If I now want to add a lighting armature to this arm. Which have the following data:

L = 0.758m
M = 12 kg

Which is the best way to find the new Tarm?

a) Just add the mass and length to the arm (seeing it as a bit wider and heavier arm than before) and use the same formula as earlier?
b) Find the torque seperately and add them? (this gives me a lower torque than the suggestion above)
c) Find the Farmature=mg of the armature and just add this to the torque formula? (Idea is that then the whole force of the armature is applied to the tip of the arm)

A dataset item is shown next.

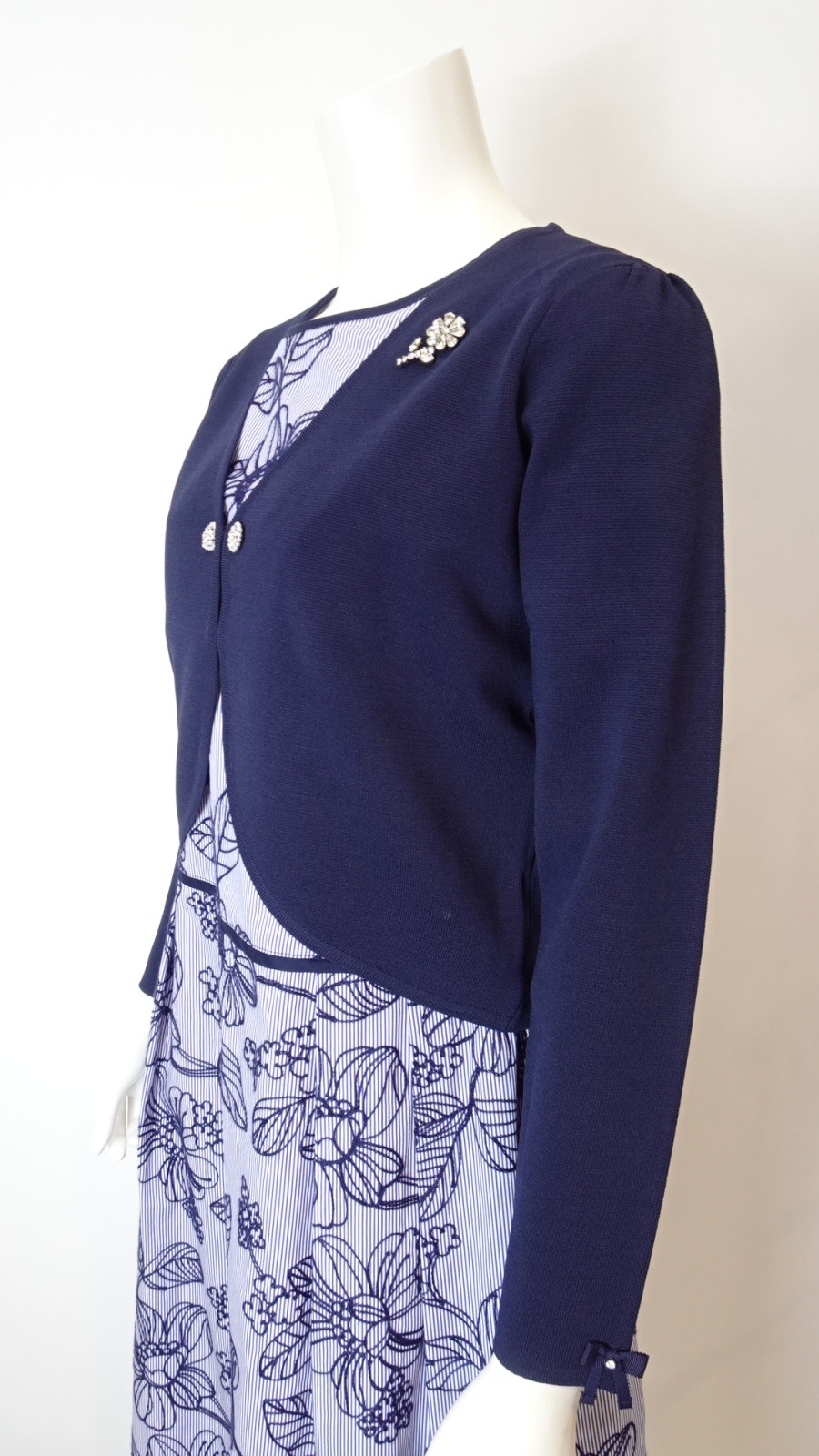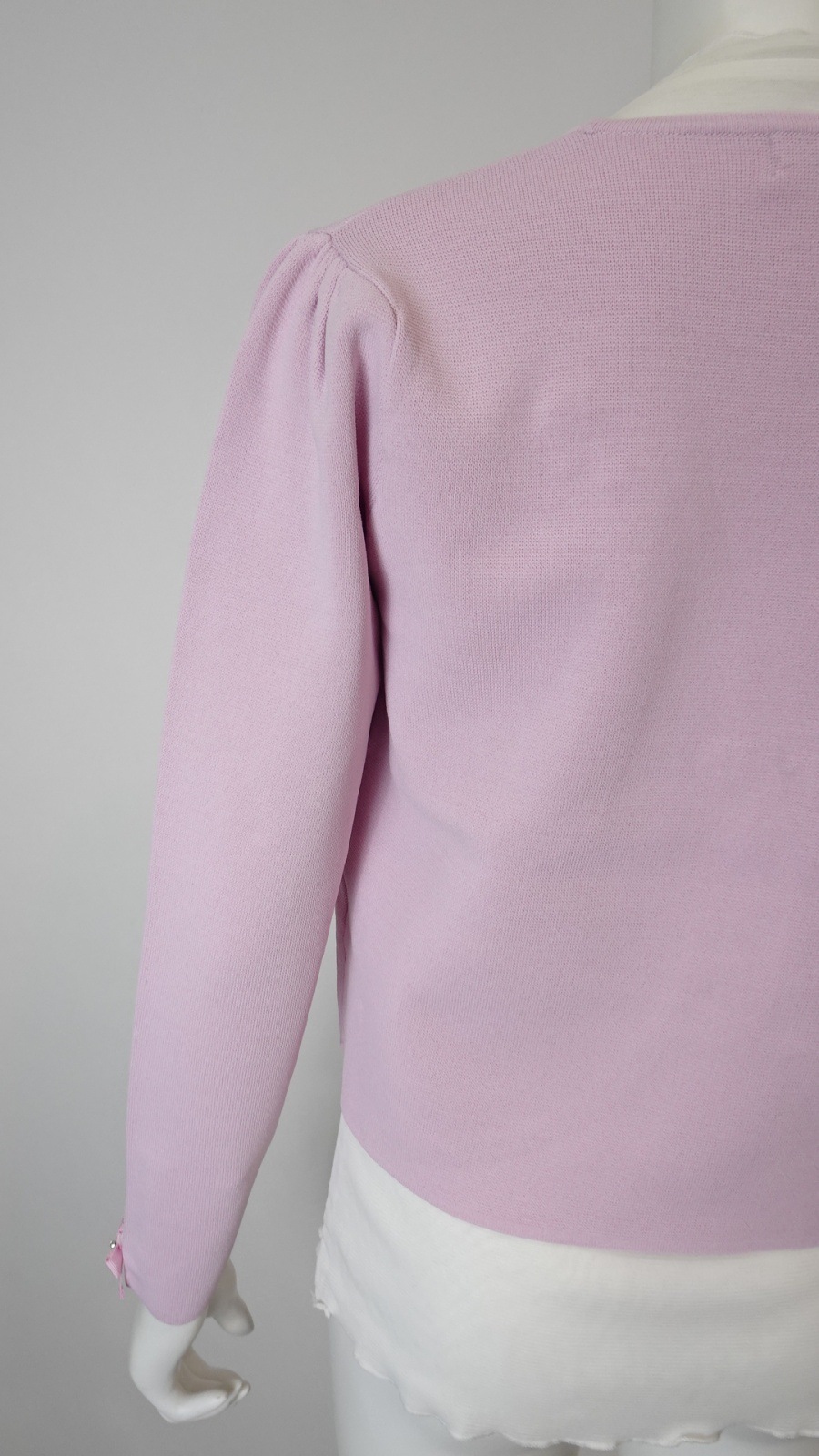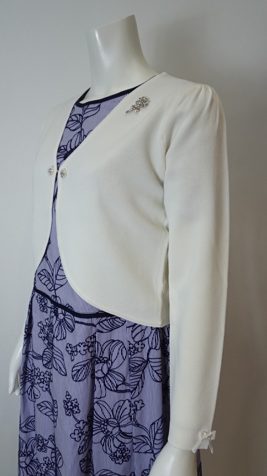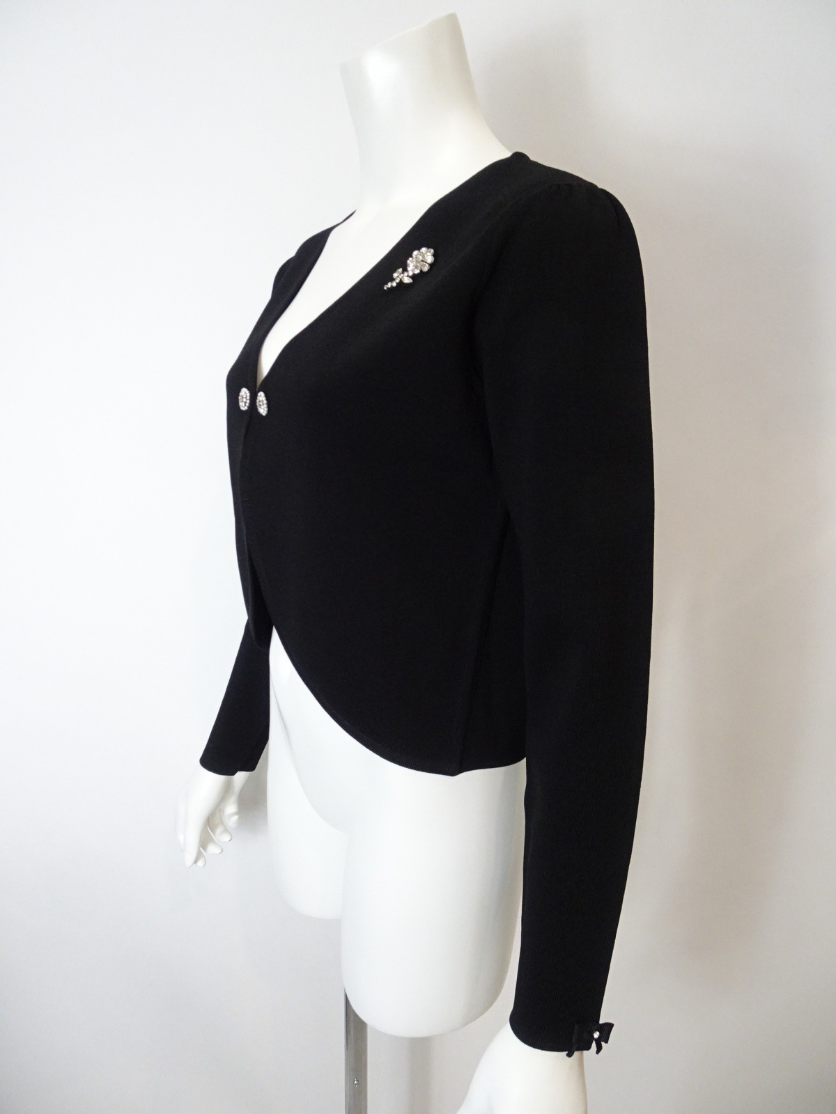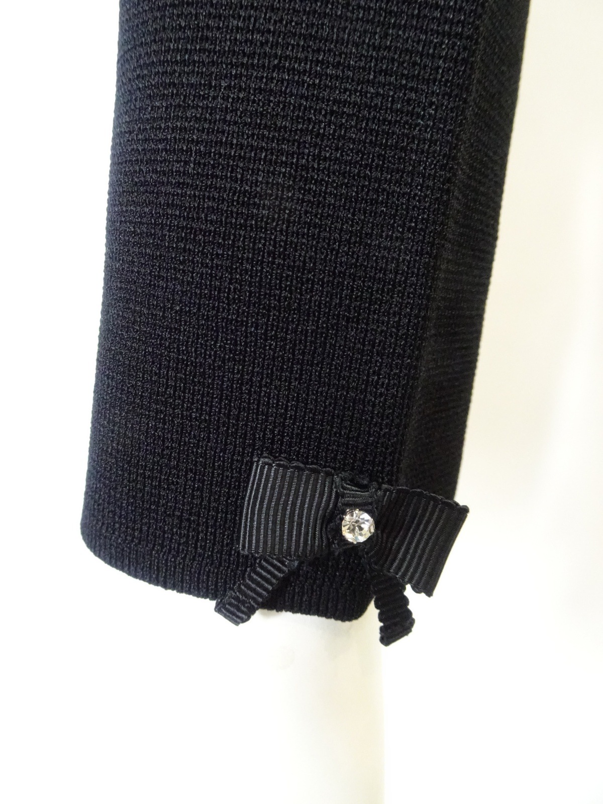 胸元にはお花のビジューモチーフが輝き、女性らしさをプラス。さらに、ジュエルボタンが印象的で豪華さを添え、全体を華やかに仕上げます。袖口には可愛らしいリボンをあしらい、細部まで

I have the 3 examples (g ≈ 9.81):

a) T = ½ ⋅(Larm+Larmature)⋅(Marm+Marmature)⋅g = ½⋅(3+0.758)⋅(19+12)⋅9.81 = 571.42 Nm

b) Tarmature = ½ ⋅L⋅M⋅g = ½⋅0.758⋅12⋅9.81 = 44.61 Nm
Tarm = ½ ⋅L⋅M⋅g = ½⋅3⋅19⋅9.81 = 279.6 Nm
T = Tarmature + Tarm = 44.61 + 279.6 = 324.21 Nm

c) T = ½⋅Larm⋅(Marm+Farmature)⋅g = 456 Nm

4. Feb 20, 2017

### BvU

Picture is worth ...

So far I have (at O, the base)
Fwind * 4 m ,
marm g * 1.5 m
marmature g * (3 + 1/2 * 0.758) m

At the top, only the latter two​

5. Feb 20, 2017

### aon3t

Thank you! Now I have all I need, I shall write a thanks to you when I hand in my paper for the program.

I had my eyes on how you solved the Tarmature, but I disregarded it because I found the T to be a bit smaller than expected, but that was because I forgot to add it to the Tarm.

Thanks a lot!

6. Feb 20, 2017

### BvU

You're welcome. Good luck with the program.